Chuck began to notice other issues. His hearing was starting to go and, despite losing 65 pounds in a fitness binge, suddenly experienced being out of breath from just mild exertion. 
“I chalked it up to age, to lifestyle, to my MP3 player,” he shrugged. “That’s how it is when you get older. Things start to go. I get that. I just assumed it was part of the process. I was just an early bloomer.”
Then Chuck’s hip began to make strange noises. It was a squeaking sound that only occurred occasionally when he was crouching or shifting his weight while twisting his hip. 
“It was kind of embarrassing because it sounded like I was passing gas,” Chuck admitted. “but I thought I should advise my doctor so he could add it to my chart. Of course I couldn’t reproduce it in his office no matter how much I bent and twisted. Shortly after, however, when my hip became sore enough I had to use a cane for a week, he decided it was time for an x-ray.”
“I was greatly relieved when the x-ray appeared to show everything was where it should be. The doctor insisted that I go for blood and urine tests, though, ‘just to be sure’. When the tests came back, however, the results were anything but routine.  According to the doctor, a person with a metal prosthesis could expect to have a chromium count of 10. Chuck’s was 1200. The doctor assured Chuck it may be a testing anomaly and the urine sample will tell the true tale. 
It did. His count was 1229. Chuck’s hip was slowly, steadily poisoning his body. 
Unfortunately, Chuck is not alone with this problem.
Across North America, numerous law suits have commenced as a result of problems associated with the new MoM hip replacements. These appliances had received practically no governmental health department scrutiny in either the US or Canada, because they were only considered to be a small adjustment to an already existing design.

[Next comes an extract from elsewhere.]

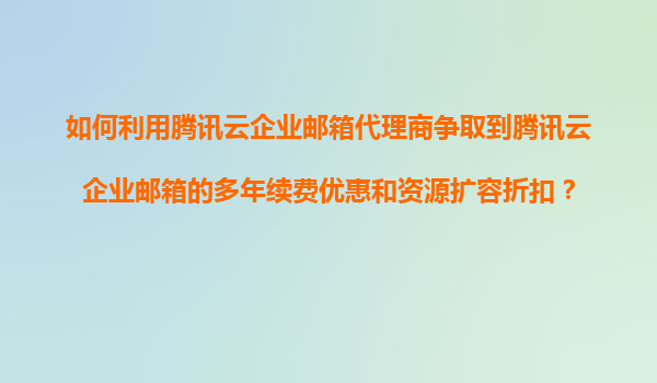 2025-11-04如何利用騰訊云企業(yè)郵箱代理商爭取多年續(xù)費(fèi)優(yōu)惠和資源擴(kuò)容折扣? 一、騰訊云企業(yè)郵箱的核心優(yōu)勢 騰訊云企業(yè)郵箱依托騰訊集團(tuán)20余年郵件系統(tǒng)運(yùn)營經(jīng)驗,提供高安全、高可用的企業(yè)級...

In the US there are at least four class action suits going ahead with various hip manufacturers, including DePuy, Zimmer and Stryker.  There are a minimum of three similar suits in Canada moving forward, as well. Some reports indicate some of the health problems associated with elevated chromium levels, such as soreness and other joint issues but the neurological issues are more complex. Heavy metals tend to remain in the body once they enter and the effects of them are serious and can even be lethal. They include visual impairment, deafness, mutated sperm, mood disorders, respiratory problems, liver,  kidney and neurological damage, as well as an elevated incidence of cancer.
So what do you do if you’ve had a hip implant?
“Go see your doctor immediately, “advises Chuck. “If you have a metal-on-metal joint, get the chromium and cobalt testing and an x-ray. Make sure you notify your primary health care practitioner of any changes in your physical and mental well being. Insist they monitor your blood closely, especially if you do experience any unexpected health issues.”
“Most importantly, however,” continued Chuck, “we have to pressure our own government to force these hip companies to track customers in the event of  a recall, as they’re doing in the US. Even if a company puts out a faulty product, there is nothing to compel them to let their customers know about it. Even car companies have to advise you of recalls. Why not these guys?”
“We also have to get the Canadian government's approval system to be more vigilant,” Chuck pressed on. “Allowing companies to install new products into human beings without insisting on human clinical trials is unconscionable. They’re supposed to be there to protect us. It’s not like the older models didn’t work. The only pressure to rush these products to market is the increased profit motive for the hip manufacturer. It’s what we would expect from business, though. It’s no shock they will seek to increase their return on their research and development investments. It’s the government’s job to protect us from their impatience, however. For their part, they failed miserably and now hundreds, maybe thousands of hip replacement patients will suffer for their laxness.”